What is required —
Set down each entry exactly as given; pictures should not appear in the copy.

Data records
- Opening Delimiter -
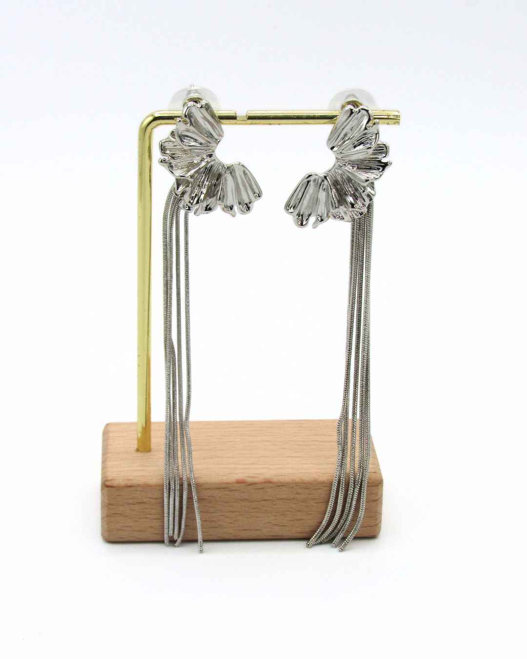 Aretes Largo Abanicos Dorados elaborados a mano en bronce con baño de plata ley 925.
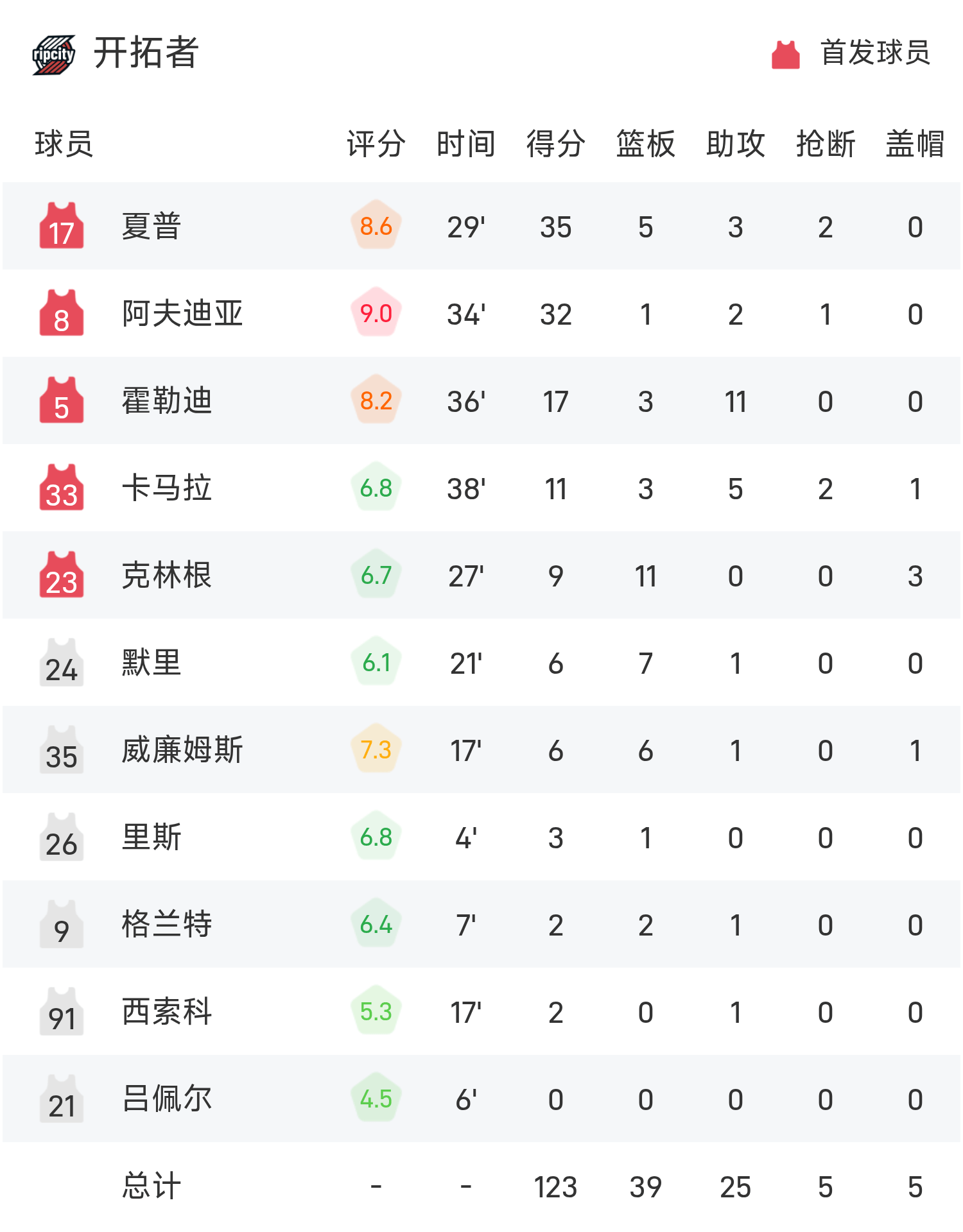 6686体育app11月13日讯 25/26赛季NBA 常规赛,鹈鹕对阵开拓者。双方全场战罢,鹈鹕117-125不敌开拓者。夏普砍下全场最高的35分5板3助,率领开拓者胜利取胜。
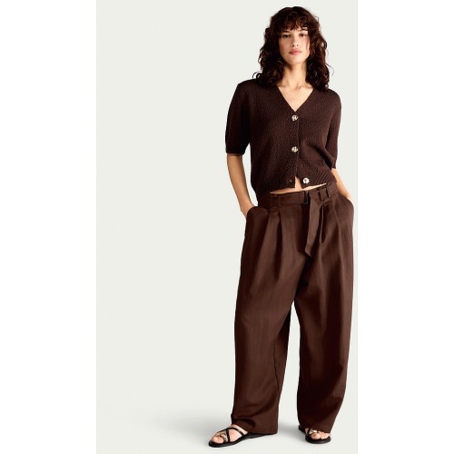 Lyocell Rich Pleated Barrel Leg Belted Trousers in Brown
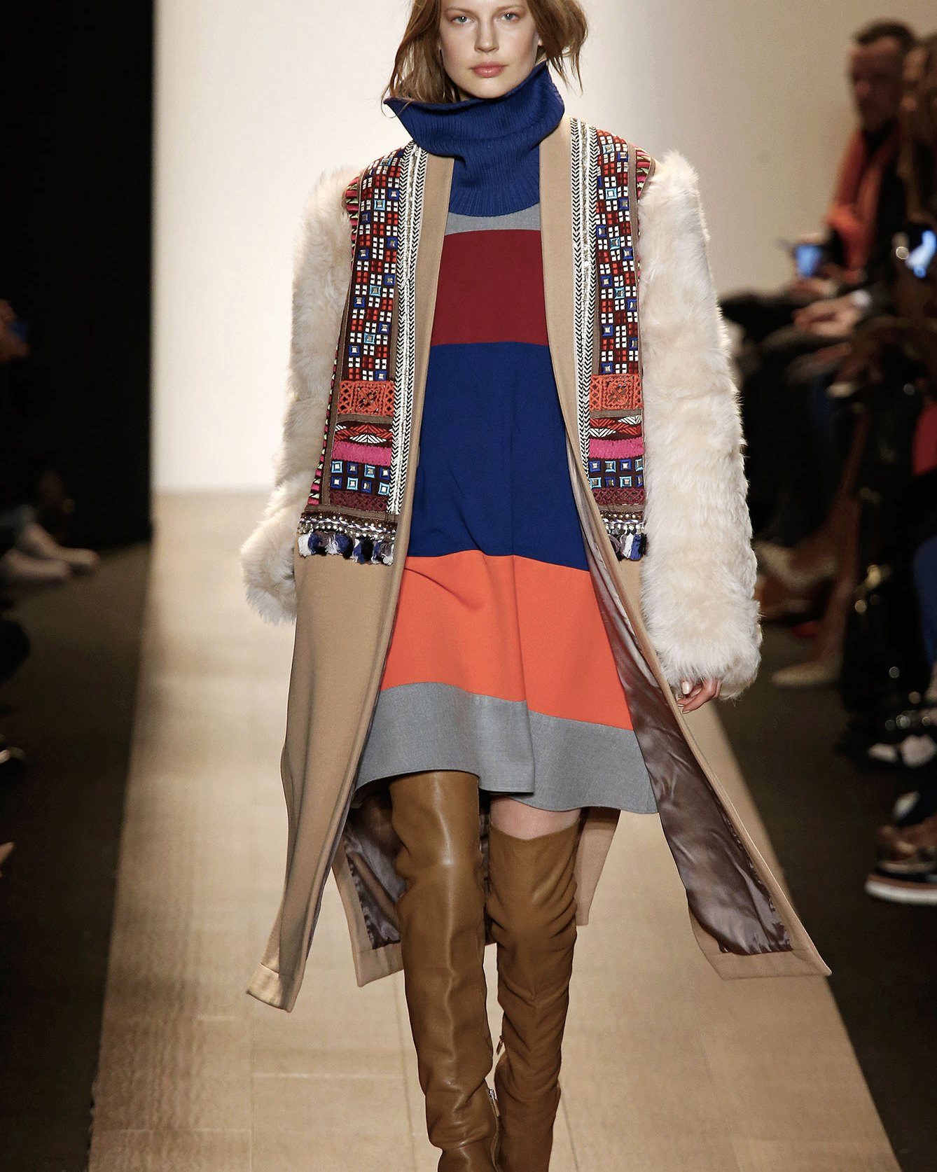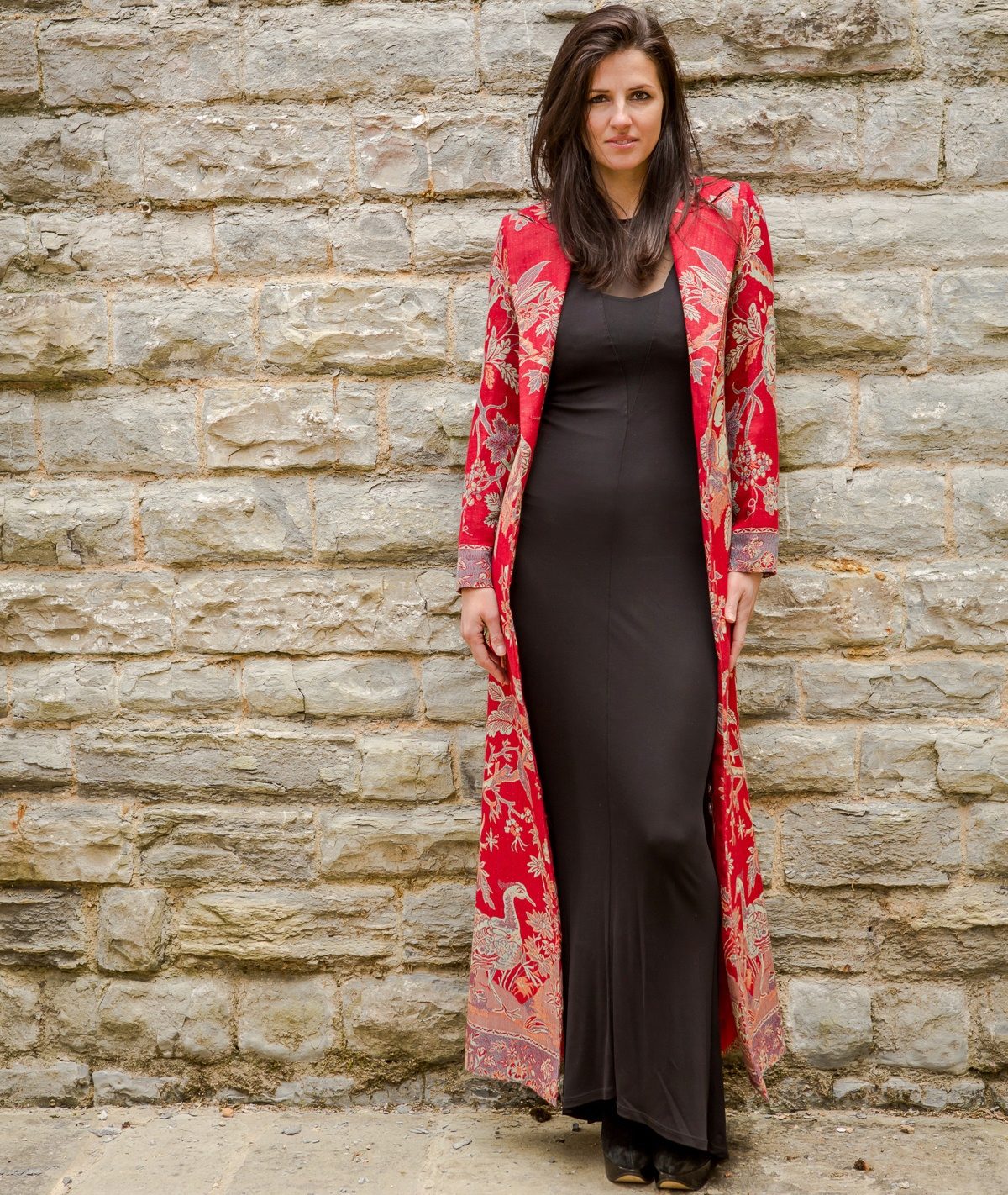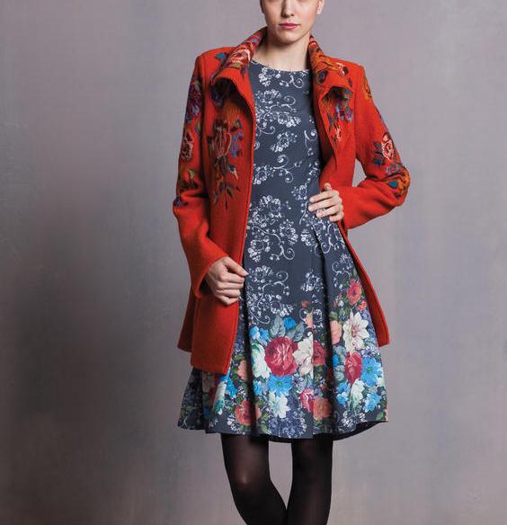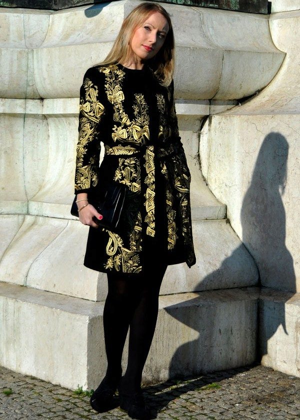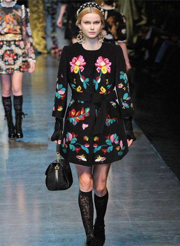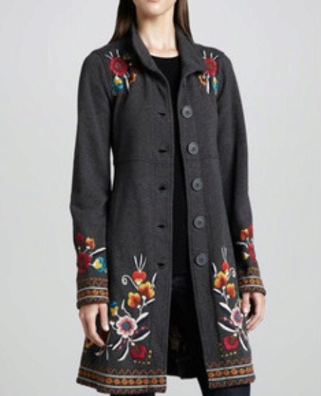 The embroidered coat, depending on its style, can be worn with different wardrobe items.
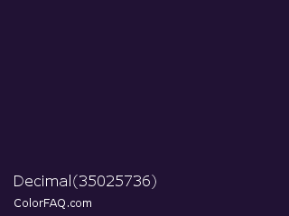 Decimal 35025736 Color is a very dark violet color and the nearest color is Haiti #1b1035. Hex code #211234 and RGB value is rgb(33,18,52). In RGB color space, this color is composed of 13% red, 7% green, 20% blue, In CMYK color space, this color is composed of 37% cyan, 65% magenta, 0% yellow , 80% black , In HSL color space, this color has a hue angle of 266° , 49% saturation and 14% lightness.
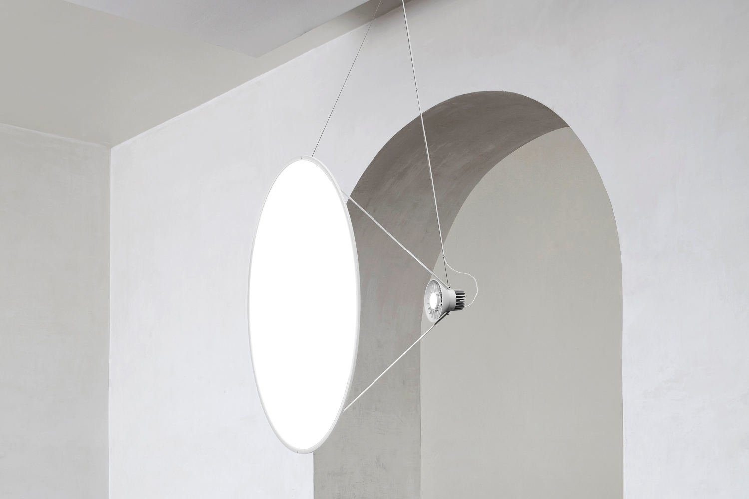 De Amisol collectie van Luceplan is een ruimtelijke lamp met een indirecte werking. Er zit een spot die krachtige LED verlichting geeft achter een gespannen folie. Deze folie kan doorschijnend of gemetalliseerd zijn. Deze twee elementen worden verbonden door dunne staven van aluminium. Kenmerken Luceplan Amisol hanglamp | verlichting
- Closing Delimiter -
Reply to the exercise —
 Aretes Largo Abanicos Dorados elaborados a mano en bronce con baño de plata ley 925.
 6686体育app11月13日讯 25/26赛季NBA 常规赛,鹈鹕对阵开拓者。双方全场战罢,鹈鹕117-125不敌开拓者。夏普砍下全场最高的35分5板3助,率领开拓者胜利取胜。
 Lyocell Rich Pleated Barrel Leg Belted Trousers in Brown
 The embroidered coat, depending on its style, can be worn with different wardrobe items.
 Decimal 35025736 Color is a very dark violet color and the nearest color is Haiti #1b1035. Hex code #211234 and RGB value is rgb(33,18,52). In RGB color space, this color is composed of 13% red, 7% green, 20% blue, In CMYK color space, this color is composed of 37% cyan, 65% magenta, 0% yellow , 80% black , In HSL color space, this color has a hue angle of 266° , 49% saturation and 14% lightness.
 De Amisol collectie van Luceplan is een ruimtelijke lamp met een indirecte werking. Er zit een spot die krachtige LED verlichting geeft achter een gespannen folie. Deze folie kan doorschijnend of gemetalliseerd zijn. Deze twee elementen worden verbonden door dunne staven van aluminium. Kenmerken Luceplan Amisol hanglamp | verlichting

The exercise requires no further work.